• WORK INSTRUCTIONS: Repeat each entry word for word; the images are not part of the copy.

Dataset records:
=== Section Start ===

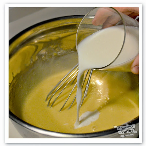 5. Vierte la mitad de la leche. Cuando esté bien integrada añade el resto de la harina tamizada y lo que queda de leche.
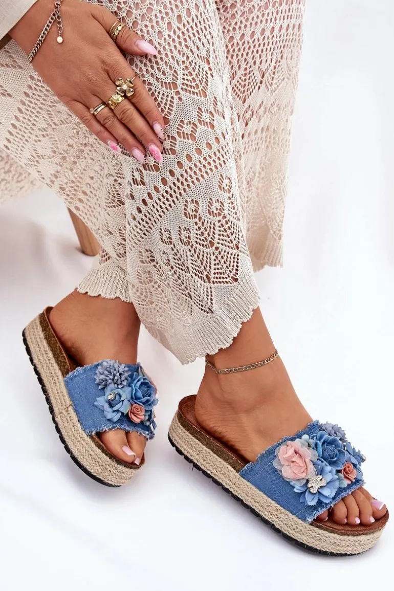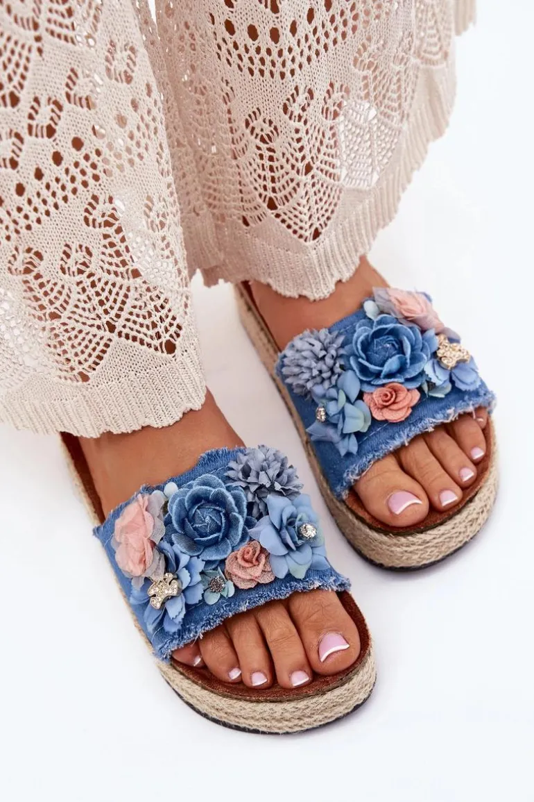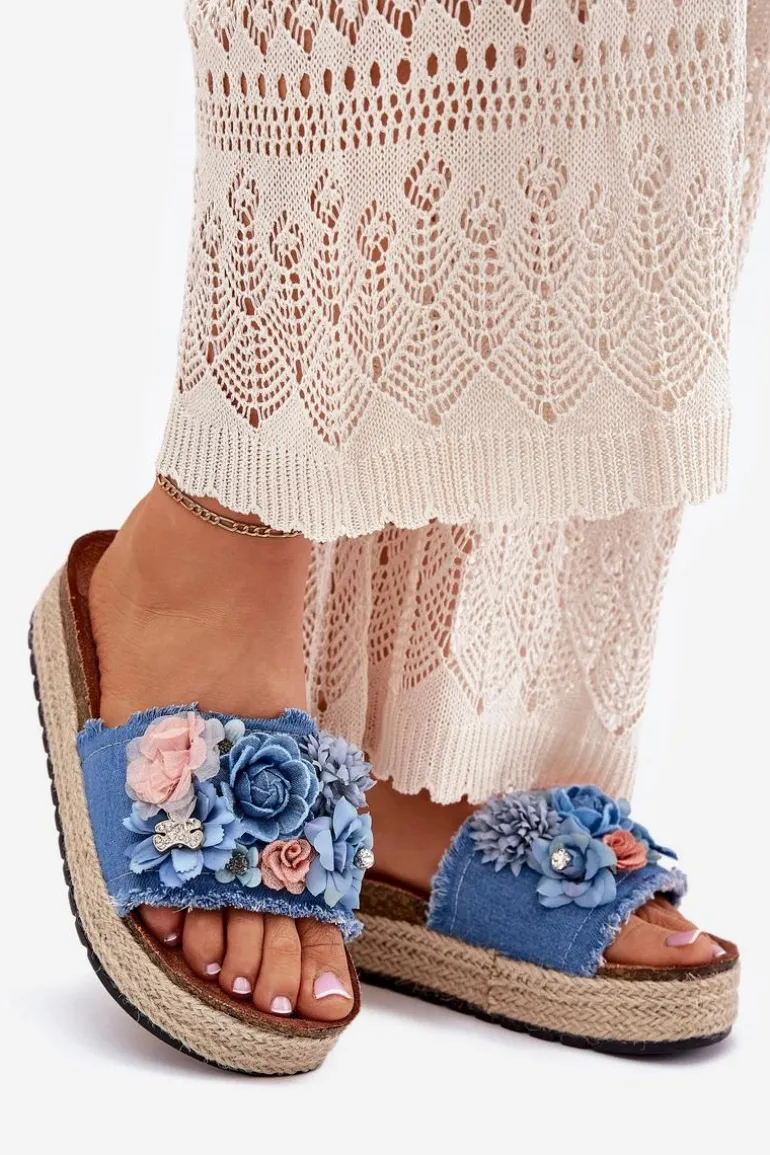 Klapki Damskie Na Platformie Z Plecionką I Kwiatkami Niebieskie Chellia
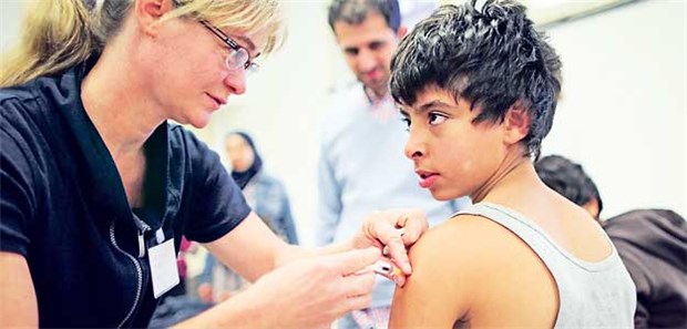 Eine Ärztin impft einen Flüchtlingsjungen aus Syrien im LaGeSo.
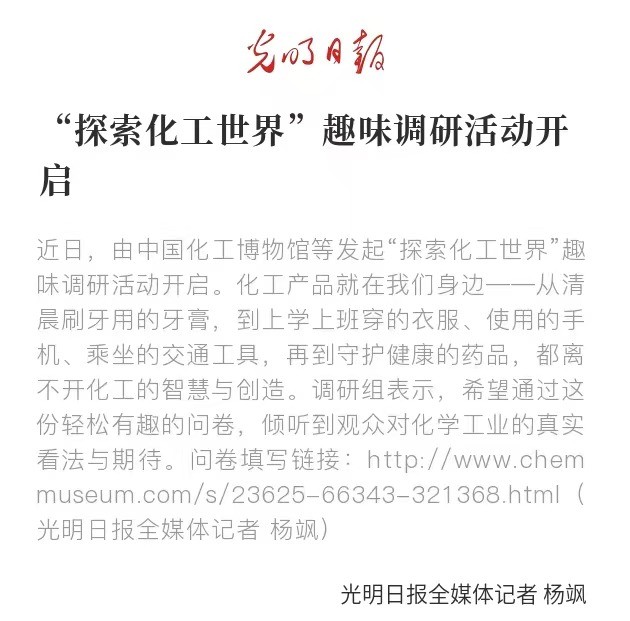 “探索化工世界”趣味调研活动在《光明日报》开启。本次活动由化博发起,旨在以轻松有趣的问卷形式,倾听公众对化学工业的真实认知与期待。从清晨刷牙用的牙膏,到上学上班穿的衣服、使用的手机、乘坐的交通工具,再到守护健康的药品,都离不开化工的智慧与创造,本次活动希望以轻松互动的方式,引导公众重新发现化工与日常生活的紧密联结,共同展望其未来发展的更多可能。
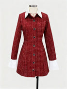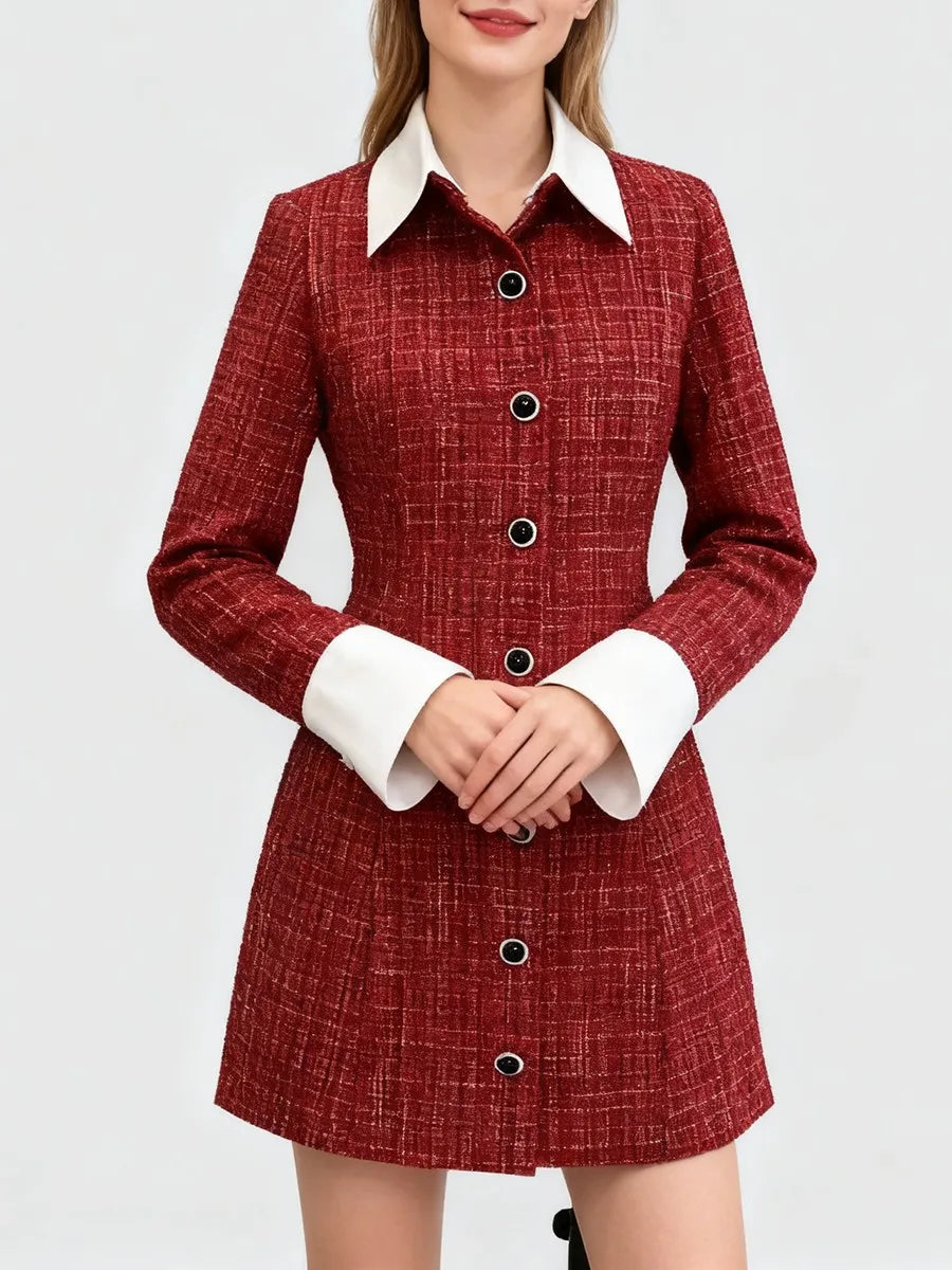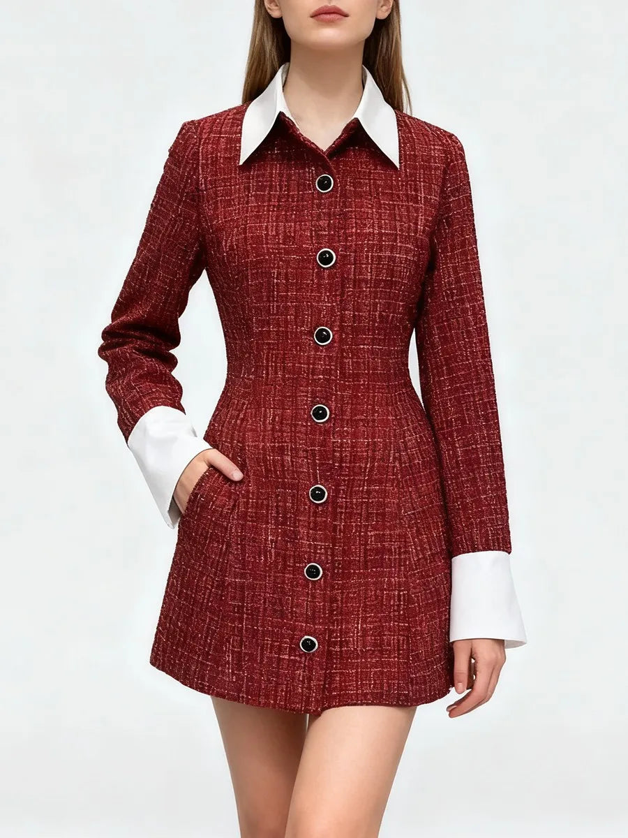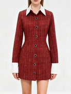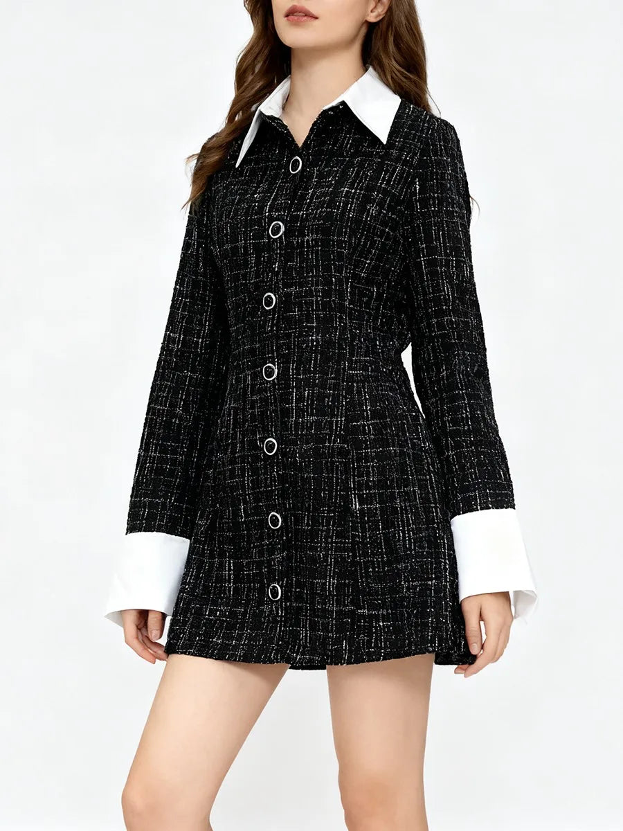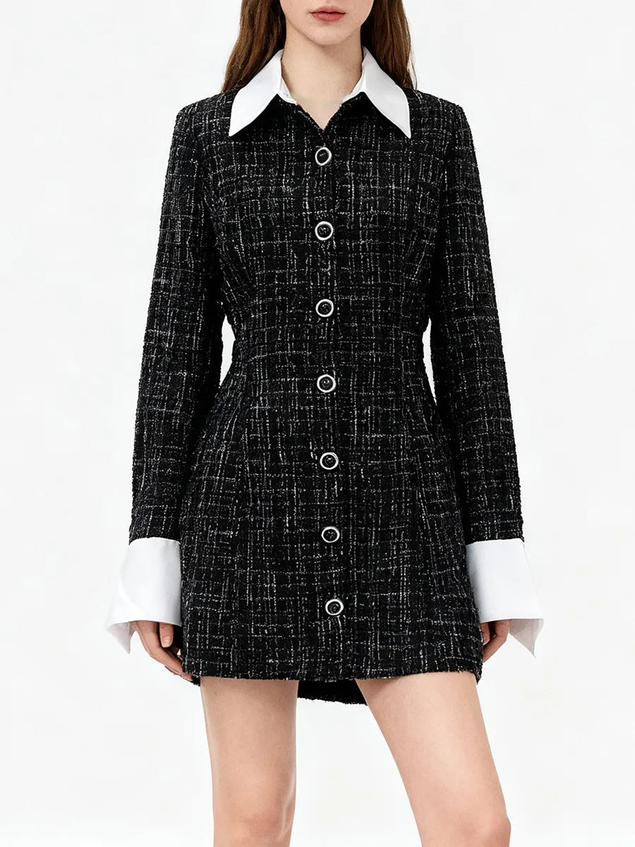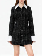 Trend4us Luxe Tweed Contrast Collar Button-Front Mini Dress

=== Section End ===

• YOUR SOLUTION:
 5. Vierte la mitad de la leche. Cuando esté bien integrada añade el resto de la harina tamizada y lo que queda de leche.
 Klapki Damskie Na Platformie Z Plecionką I Kwiatkami Niebieskie Chellia
 Eine Ärztin impft einen Flüchtlingsjungen aus Syrien im LaGeSo.
 “探索化工世界”趣味调研活动在《光明日报》开启。本次活动由化博发起,旨在以轻松有趣的问卷形式,倾听公众对化学工业的真实认知与期待。从清晨刷牙用的牙膏,到上学上班穿的衣服、使用的手机、乘坐的交通工具,再到守护健康的药品,都离不开化工的智慧与创造,本次活动希望以轻松互动的方式,引导公众重新发现化工与日常生活的紧密联结,共同展望其未来发展的更多可能。
 Trend4us Luxe Tweed Contrast Collar Button-Front Mini Dress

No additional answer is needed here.